By contrast, Rize - unhinged as she is- may well be the most entertaining character in the series- so it's a shame that (spoilers) she's apparently killed off in the first episode. Her connection with Kankei means her presence is still felt throughout the series, but it might have been more interesting if she was kept around at least a while longer.

The series offers some impressive visuals, that are suitably dark for the most part. The characters are well designed and have a distinctive look. Understandably, the visuals in the show itself are a step down from the stunning manga-style artwork featured in the closing titles, but even so... this show is a looker.

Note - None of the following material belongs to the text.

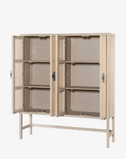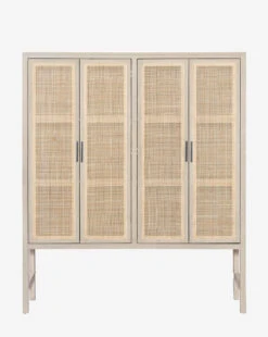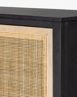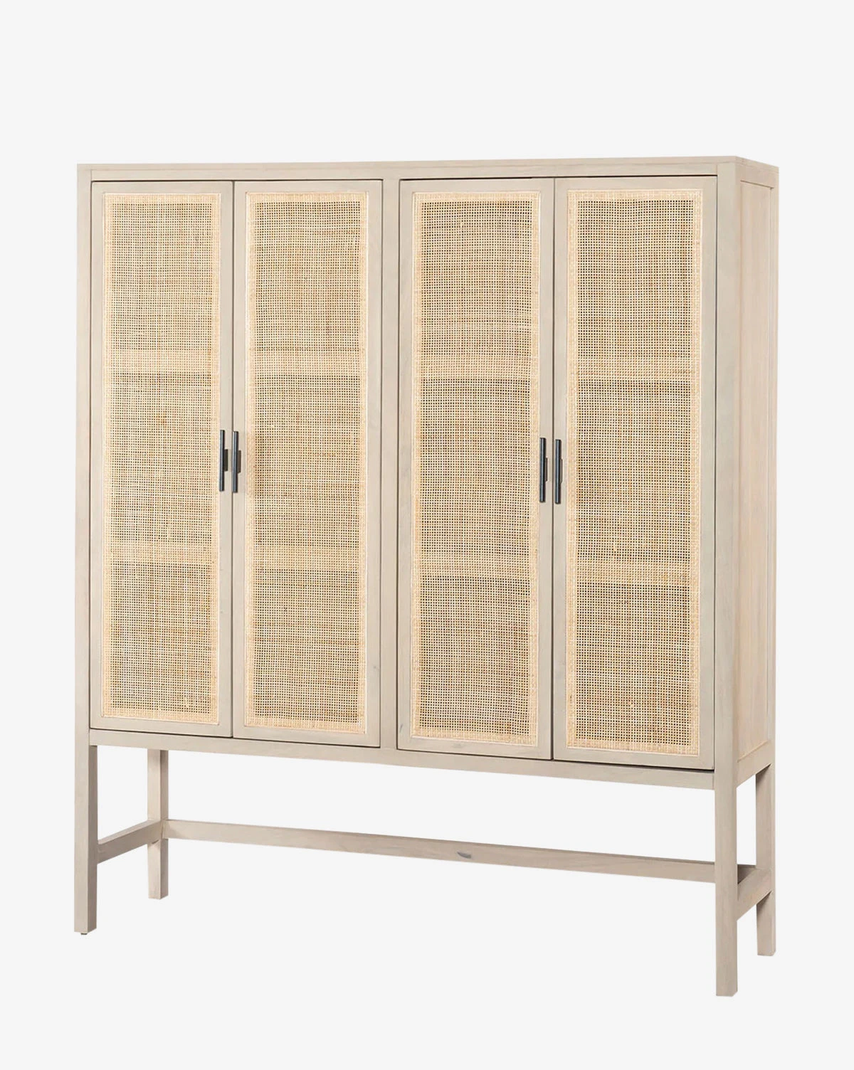 Carefully crafted in two unique colorways, the Fallon Cabinet makes a statement with its high-style form. Acacia wood shelving creates plenty of storage, while mango framed doors, woven with natural cane add an eye-catching piece to your home design.

Tokyo Ghoul is not for the squeamish- it is easily one of the most violent and gory anime for some time. And it's not just the on-screen violence- the series also goes to some pretty dark places and really puts its characters through the wringer. Tonally though, it fits, and thanks to the excellent characterisation, it never feels unearned.

Assuming you have the stomach for it, Tokyo Ghoul is one hell of a good time. Creepily atmospheric, action-packed and full of memorable characters, this is one anime that horror fans should not miss.